Stop at the line containing "新能源货车轻卡新能流轻卡上半": write out every line from the beginning of the entries up to and including it, minus the pictures.

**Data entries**

____________

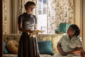 Writer/director Chinonye Chukwu tells this story “from the maternal point of view of Mamie Till-Mobley.” We see Mamie (Deadwyler) singing and dancing with 14-year-old Emmett (Hall). She ties his necktie, helps him pack, loves him deeply.
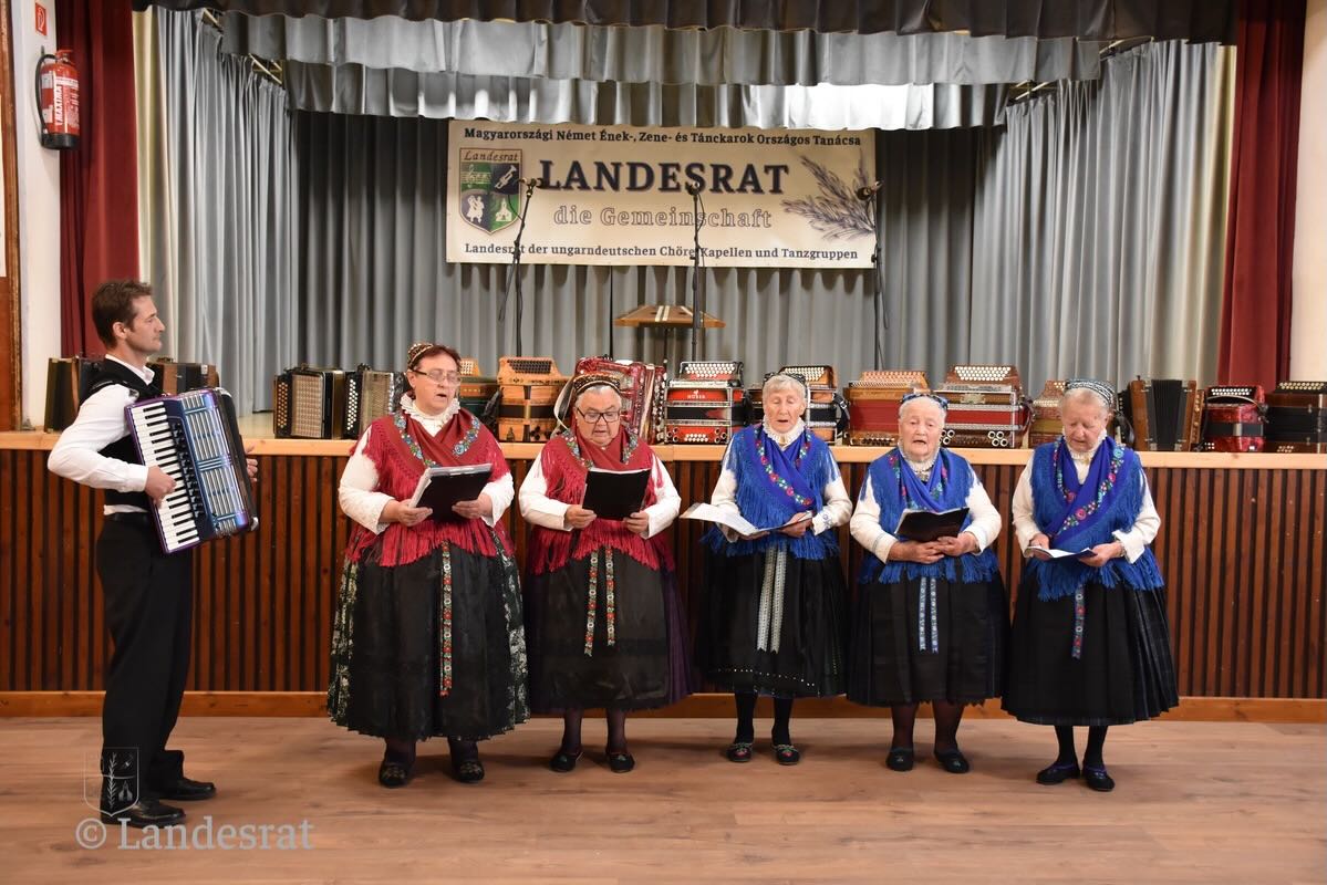 Es folgten Lieder, vorgetragen vom Branauer Frauenchor, begleitet von Gábor Pappert auf dem Akkordeon. Dann schneller Wechsel wieder zum Akkordeon: József Mehringer, Vilmos Steinmann und Dániel Kovács standen erneut auf der Bühne.
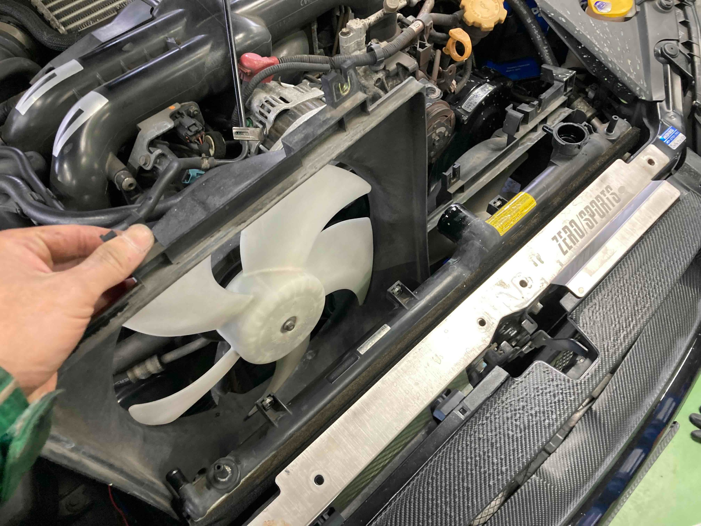 下から冷却水を抜いたら、各ホースを切り離し、電動ファンを取り外します↓
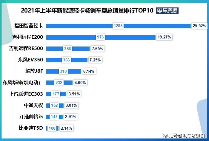 新能源货车轻卡新能流轻卡上半年销量榜单吉利福田笨蓝东风占比近七成宁德时代占比超四成
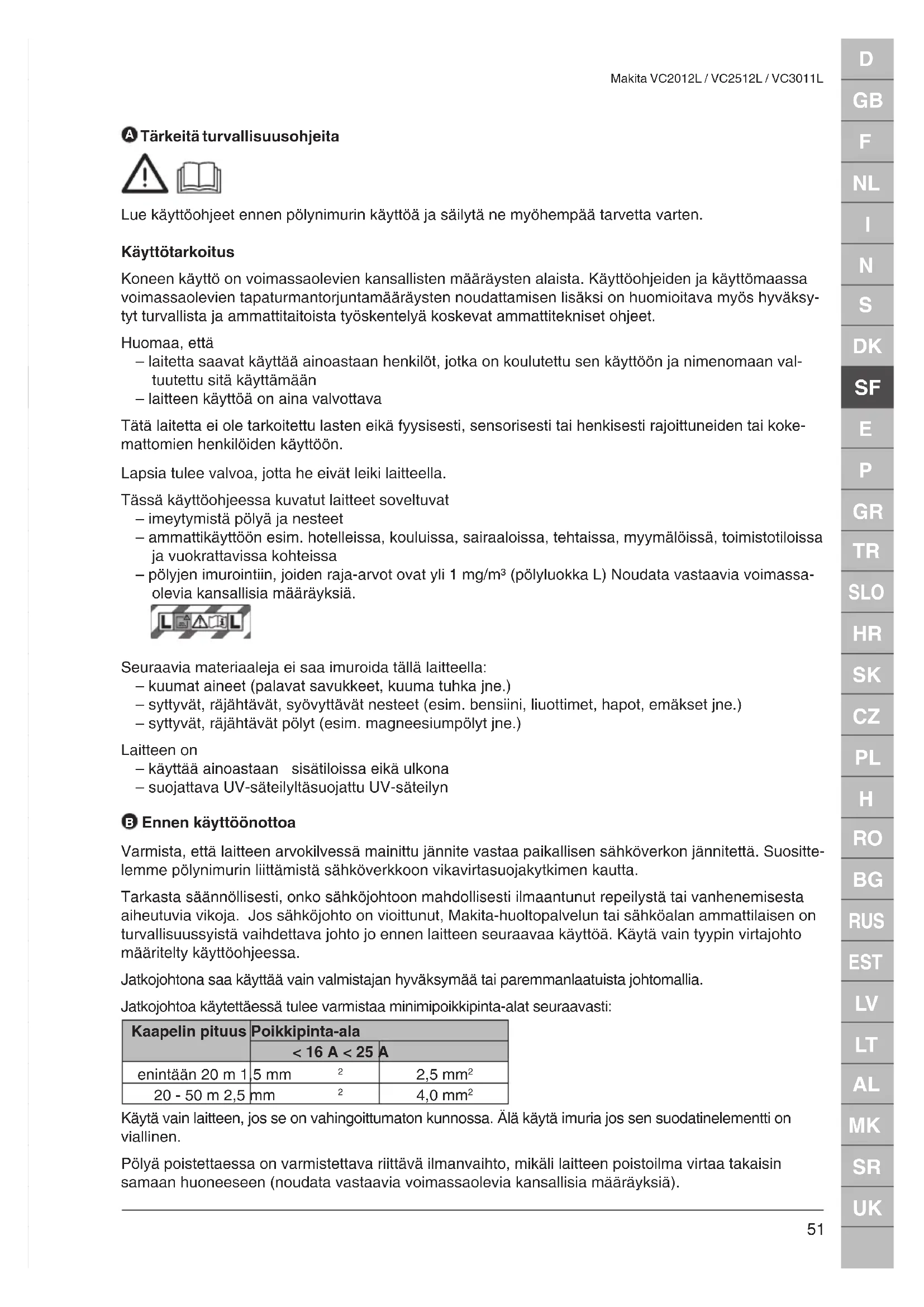 Ennen käyttöönottoa Varmista, että laitteen arvokilvessä mainittu jännite vastaa paikallisen sähköverkon jännitettä. Suositte- lemme pölynimurin liittämistä sähköverkkoon vikavirtasuojakytkimen kautta. Tarkasta säännöllisesti, onko sähköjohtoon mahdollisesti ilmaantunut repeilystä tai vanhenemisesta aiheutuvia vikoja. Jos sähköjohto on vioittunut, Makita-huoltopalvelun tai sähköalan ammattilaisen on turvallisuussyistä vaihdettava johto jo ennen laitteen seuraavaa käyttöä. Käytä vain tyypin virtajohto määritelty käyttöohjeessa. Jatkojohtona saa käyttää vain valmistajan hyväksymää tai paremmanlaatuista johtomallia. Jatkojohtoa käytettäessä tulee varmistaa minimipoikkipinta-alat seuraavasti: Kaapelin pituus Poikkipinta-ala < 16 A < 25 A enintään 20 m 1,5 mm

____________

**Response for this exercise**
 Writer/director Chinonye Chukwu tells this story “from the maternal point of view of Mamie Till-Mobley.” We see Mamie (Deadwyler) singing and dancing with 14-year-old Emmett (Hall). She ties his necktie, helps him pack, loves him deeply.
 Es folgten Lieder, vorgetragen vom Branauer Frauenchor, begleitet von Gábor Pappert auf dem Akkordeon. Dann schneller Wechsel wieder zum Akkordeon: József Mehringer, Vilmos Steinmann und Dániel Kovács standen erneut auf der Bühne.
 下から冷却水を抜いたら、各ホースを切り離し、電動ファンを取り外します↓
 新能源货车轻卡新能流轻卡上半年销量榜单吉利福田笨蓝东风占比近七成宁德时代占比超四成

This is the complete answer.